Several limitations must be acknowledged. First, the retrospective, single-center design limits the generalizability of the findings. Most importantly, the COVID-19 cohort was subject to stricter eligibility criteria, including age < 80 years and preoperative Hb > 13.0 g/dL, which were not applied in the pre- or post-COVID-19 periods. This structural difference introduces substantial selection bias and limits direct comparability among cohorts. Consequently, the observation that COVID-era patient selection may have reproduced some effects of PBM should be interpreted as hypothesis-generating rather than as a formally demonstrated equivalence between patient selection and PBM. In addition, important clinical confounders, including comorbidity burden, ASA status, and perioperative anticoagulant use, were not systematically available and therefore could not be included in the multivariable models. This may have resulted in residual confounding and limits causal interpretation of the observed associations. Moreover, because of the retrospective design, no a priori sample size calculation was performed, and the analyses should be considered exploratory. Functional outcomes and long-term follow-up were unavailable, preventing assessment of the broader clinical impact of reduced rehabilitation access and shortened hospitalization. Finally, although intraoperative PBM measures such as tranexamic acid administration and intraoperative blood salvage were included in the institutional protocol, they were not specifically analyzed in the present study. Data on estimated intraoperative blood loss and the actual rate of blood salvage use were not available; therefore, the independent contribution of these intraoperative strategies to postoperative hemoglobin levels and transfusion rates could not be assessed.
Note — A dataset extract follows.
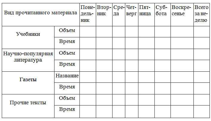 Проведите в течение недели анализ чтения. Фиксируйте ежедневно все, что вы читаете, замечайте время, которое затратили на чтение. Занесите результаты наблюдений в табл. 3.

The main message of this study is the distinction between active PBM-driven optimization and crisis-driven selection of already optimized patients. Although both approaches were associated with stable short-term hemoglobin and transfusion outcomes, they are not equivalent in mechanism or generalizability: PBM identifies and treats modifiable risk factors, whereas pandemic-era selection restricted surgery to lower-risk patients. This distinction is relevant for future organizational crises, because preservation of short-term outcomes may occur at the cost of reduced generalizability and limited access for higher-risk patients.